PROBLEM STATEMENT >>
Each record that follows is to be duplicated exactly, though its pictures are not.

DATA PROVIDED >>

* * * * *

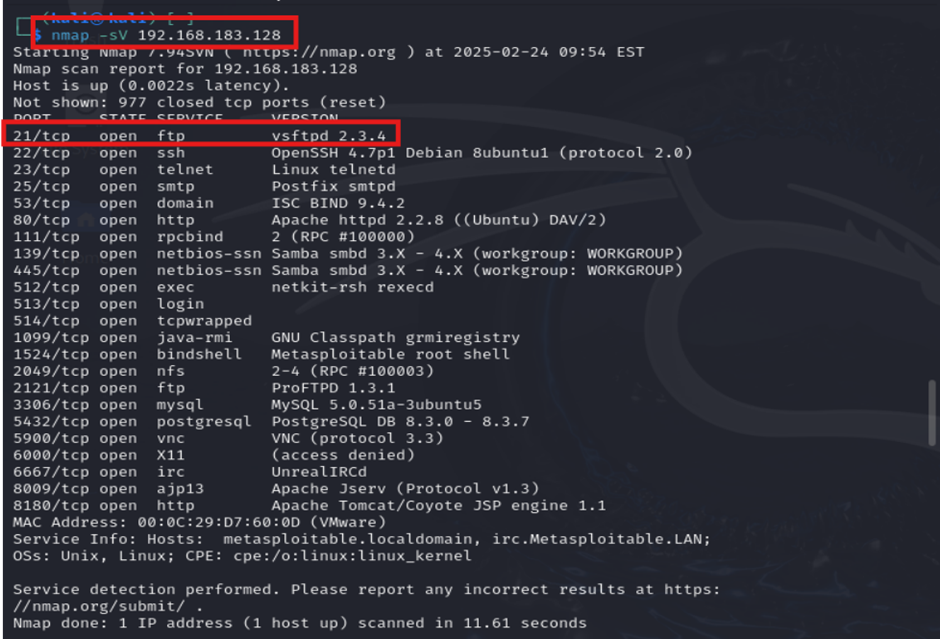 1. Metasploitable 서버 포트 스캔 및 vsftp 버전 정보 확인
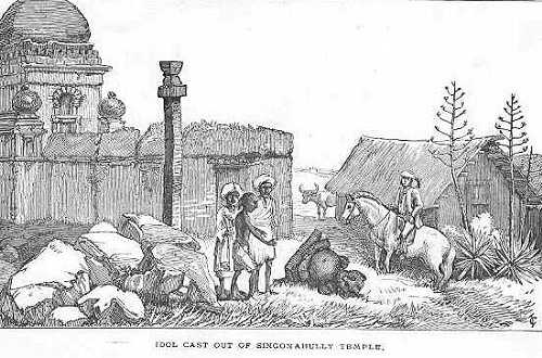 Mr Male, who succeeded Mr Jenkins at Goobbe, has left upon record a further account of what happened to the idol Runga. He says, “One day in August, 1842, as I was returning from Toomcoor to Goobbe, I overtook a Brahman, and in the course of conversation he enquired whether or not I had heard of what had befallen Singonahully Runga Swami. I replied that I had not. He then said, ‘Runga Swami has been thrown out of his temple, and is now outside the door among the stones.’
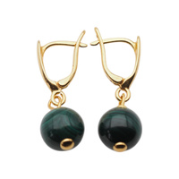 Kolczyki - Malachit kulka w srebrze zloconym
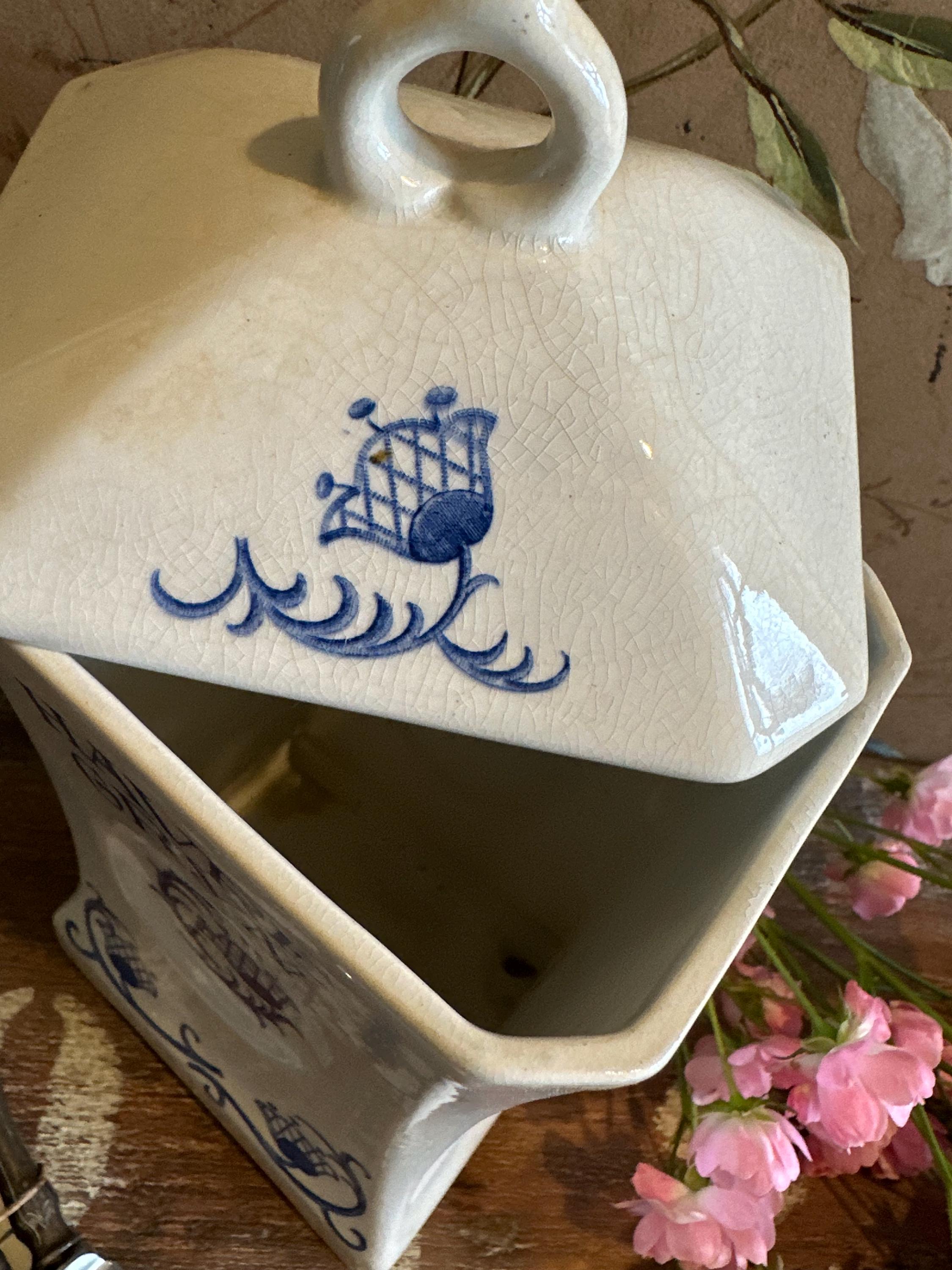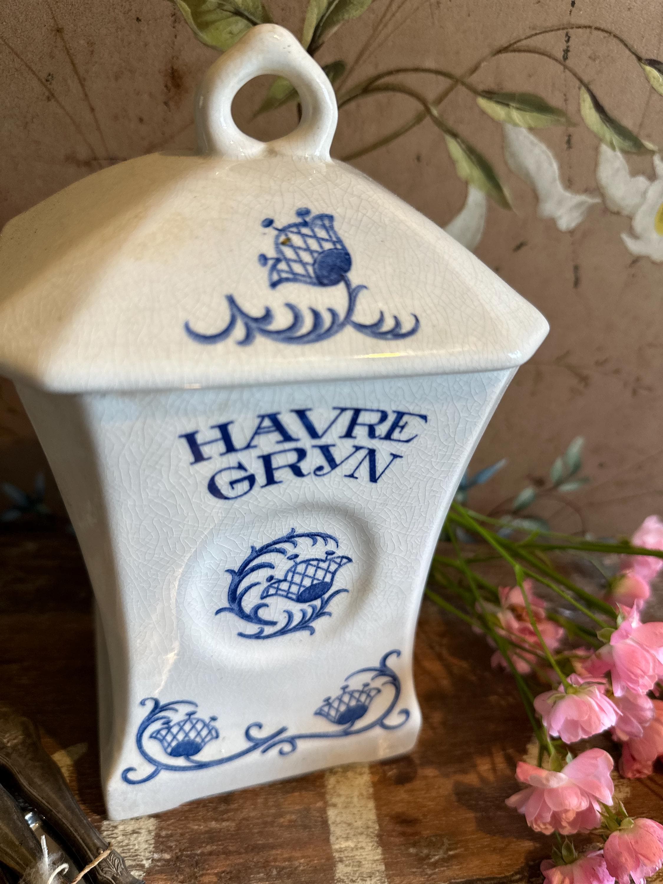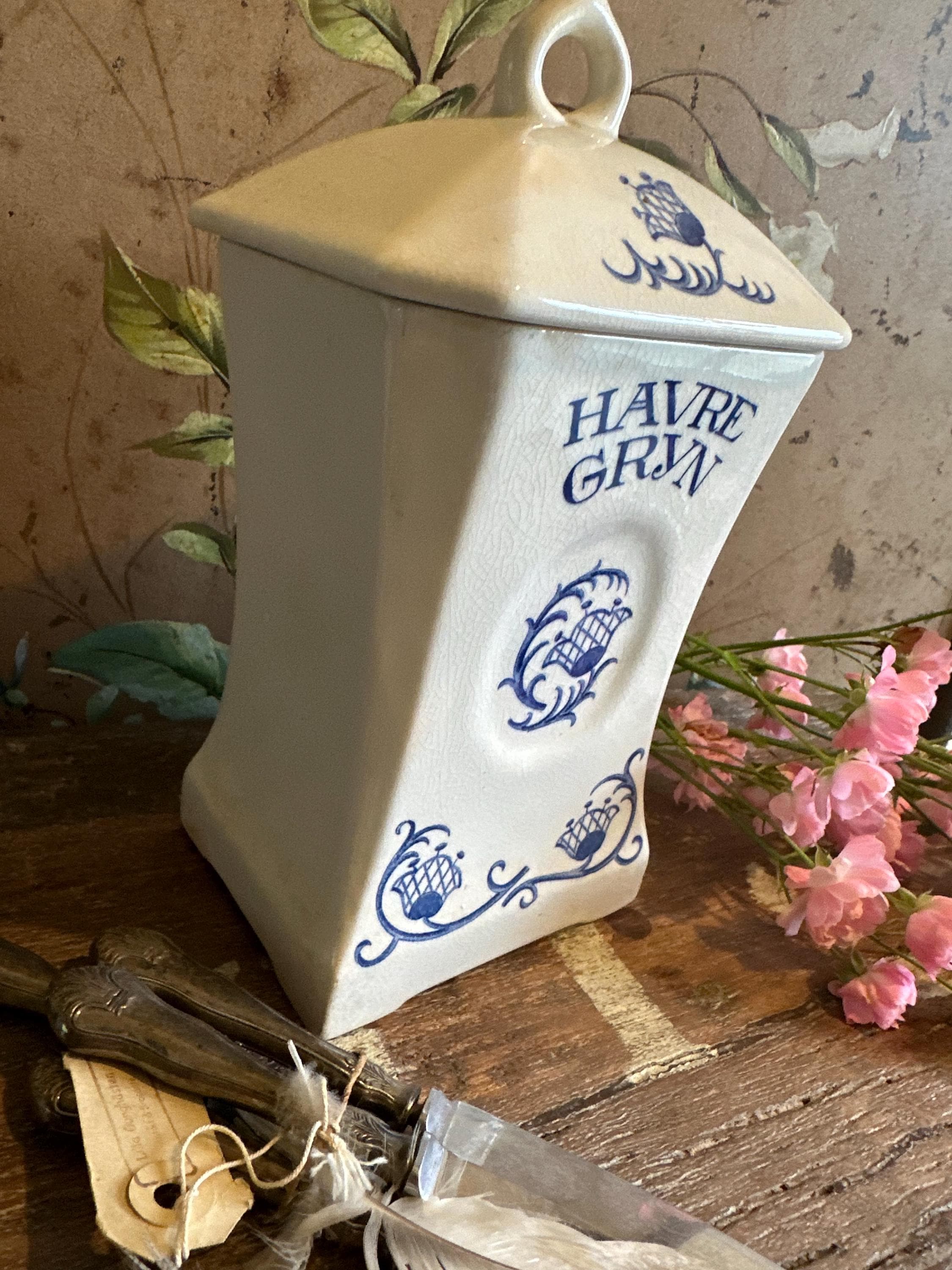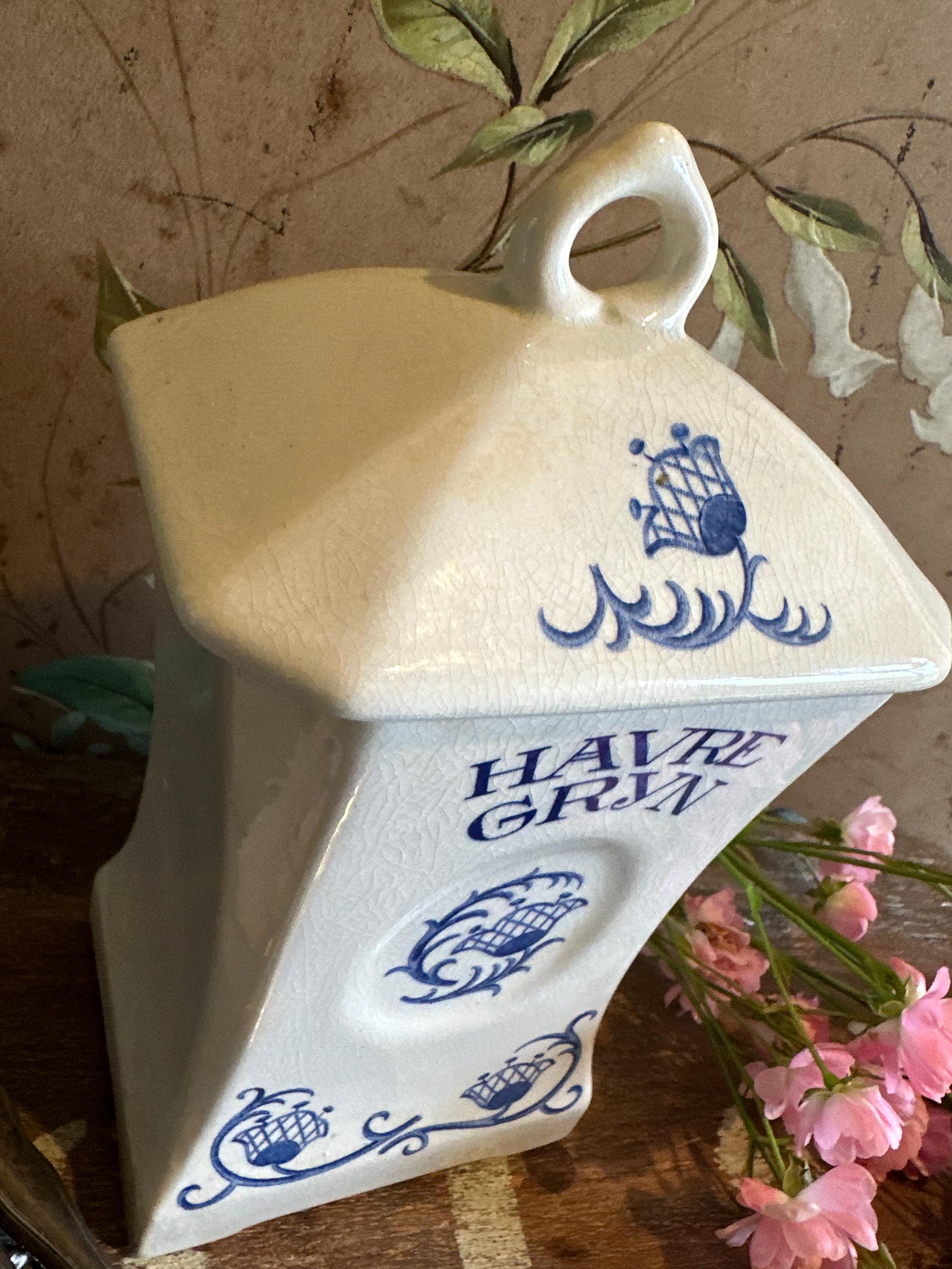 Greta's old Swedish porcelain storage jars - for muesli - a dreamy old porcelain patina decorated with a soft blue motif - these old storage containers are incomparably beautiful and fit as an eye-catcher in your country vintage kitchen - not only for storing muesli but also for small utensils that can be beautifully stored in them ❤️
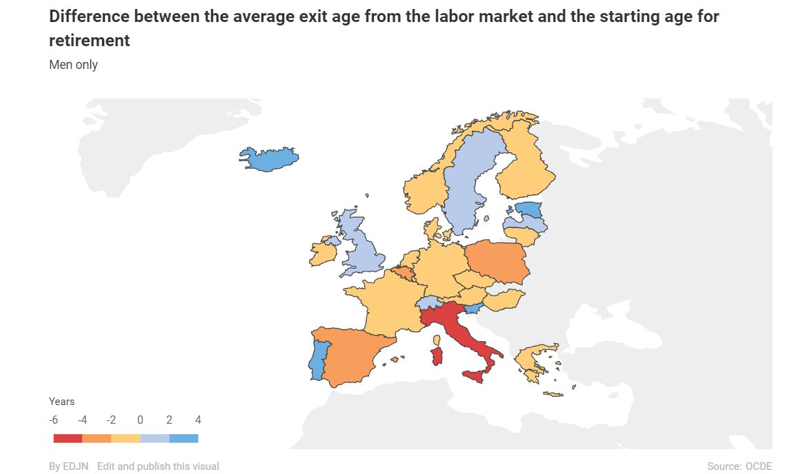Questo limite di 67 anni è tra i più alti in Europa, dato che secondo Wikipedia solo Grecia, Islanda e Norvegia lo eguagliano. Dobbiamo quindi ritenere che la legge italiana sia effettivamente troppo rigida? Piano: sappiamo come funzionano le cose nel nostro paese. Se infatti andiamo a vedere l’età media a cui effettivamente gli italiani e gli altri europei vanno in pensione, la classifica cambia parecchio: qui sotto, riporto una mappa che evidenzia quanto la media dell’età pensionabile effettiva nei diversi paesi si distacchi da quella prevista dalla legge.
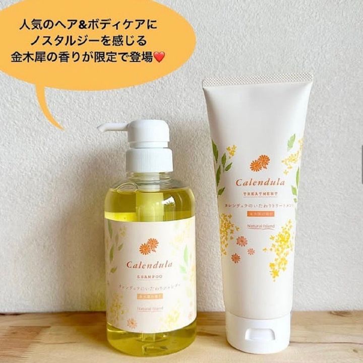そんな金木犀の香りに包まれる「Natural Island(ナチュラルアイランド)」で人気の「カレンデュラのいたわりシリーズ」から、スペシャルなヘアケア2品が数量限定で登場します。Natural Island専属のフレグランスデザイナーが金木犀に果実を重ね、風にのってふわっと香る心ときめく幸せな瞬間をイメージし調香。どこか懐かしい、甘く奥深いあの香りを思う存分楽しめます。
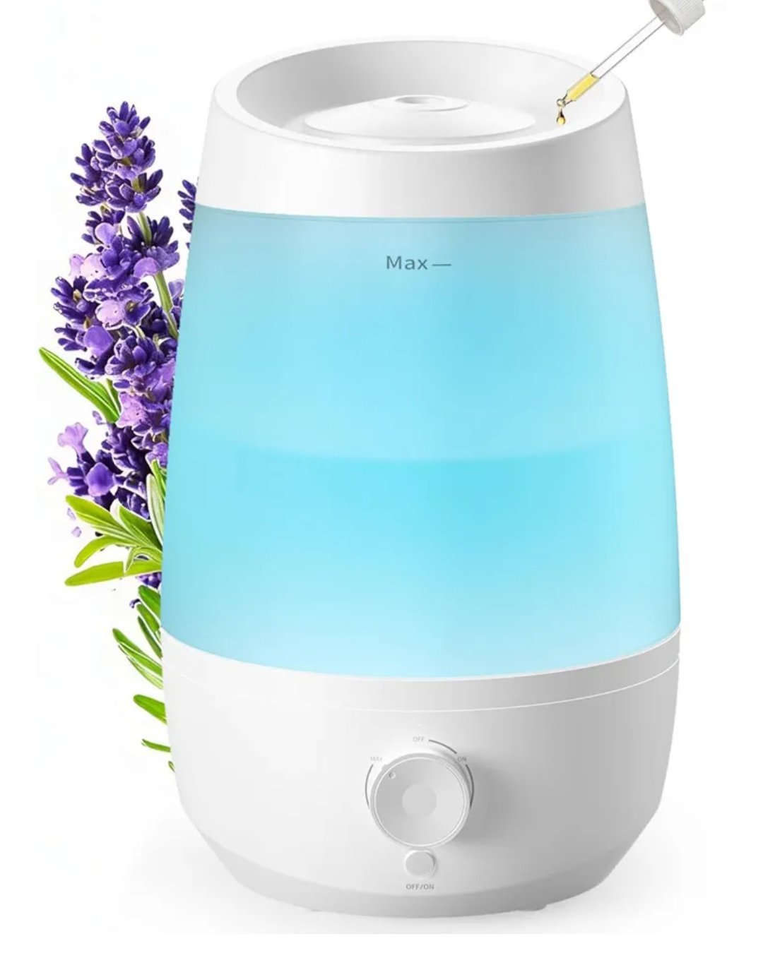 Hidratación duradera: El humidificador cuenta con un gran depósito de agua de 2,5 L, que garantiza hasta 25 horas de funcionamiento continuo en el nivel más bajo. Con un caudal de humidificación de 250 ml/h.

* * * * *

WRITTEN RESPONSE >>
 1. Metasploitable 서버 포트 스캔 및 vsftp 버전 정보 확인
 Mr Male, who succeeded Mr Jenkins at Goobbe, has left upon record a further account of what happened to the idol Runga. He says, “One day in August, 1842, as I was returning from Toomcoor to Goobbe, I overtook a Brahman, and in the course of conversation he enquired whether or not I had heard of what had befallen Singonahully Runga Swami. I replied that I had not. He then said, ‘Runga Swami has been thrown out of his temple, and is now outside the door among the stones.’
 Kolczyki - Malachit kulka w srebrze zloconym
 Greta's old Swedish porcelain storage jars - for muesli - a dreamy old porcelain patina decorated with a soft blue motif - these old storage containers are incomparably beautiful and fit as an eye-catcher in your country vintage kitchen - not only for storing muesli but also for small utensils that can be beautifully stored in them ❤️
Questo limite di 67 anni è tra i più alti in Europa, dato che secondo Wikipedia solo Grecia, Islanda e Norvegia lo eguagliano. Dobbiamo quindi ritenere che la legge italiana sia effettivamente troppo rigida? Piano: sappiamo come funzionano le cose nel nostro paese. Se infatti andiamo a vedere l’età media a cui effettivamente gli italiani e gli altri europei vanno in pensione, la classifica cambia parecchio: qui sotto, riporto una mappa che evidenzia quanto la media dell’età pensionabile effettiva nei diversi paesi si distacchi da quella prevista dalla legge.
そんな金木犀の香りに包まれる「Natural Island(ナチュラルアイランド)」で人気の「カレンデュラのいたわりシリーズ」から、スペシャルなヘアケア2品が数量限定で登場します。Natural Island専属のフレグランスデザイナーが金木犀に果実を重ね、風にのってふわっと香る心ときめく幸せな瞬間をイメージし調香。どこか懐かしい、甘く奥深いあの香りを思う存分楽しめます。
 Hidratación duradera: El humidificador cuenta con un gran depósito de agua de 2,5 L, que garantiza hasta 25 horas de funcionamiento continuo en el nivel más bajo. Con un caudal de humidificación de 250 ml/h.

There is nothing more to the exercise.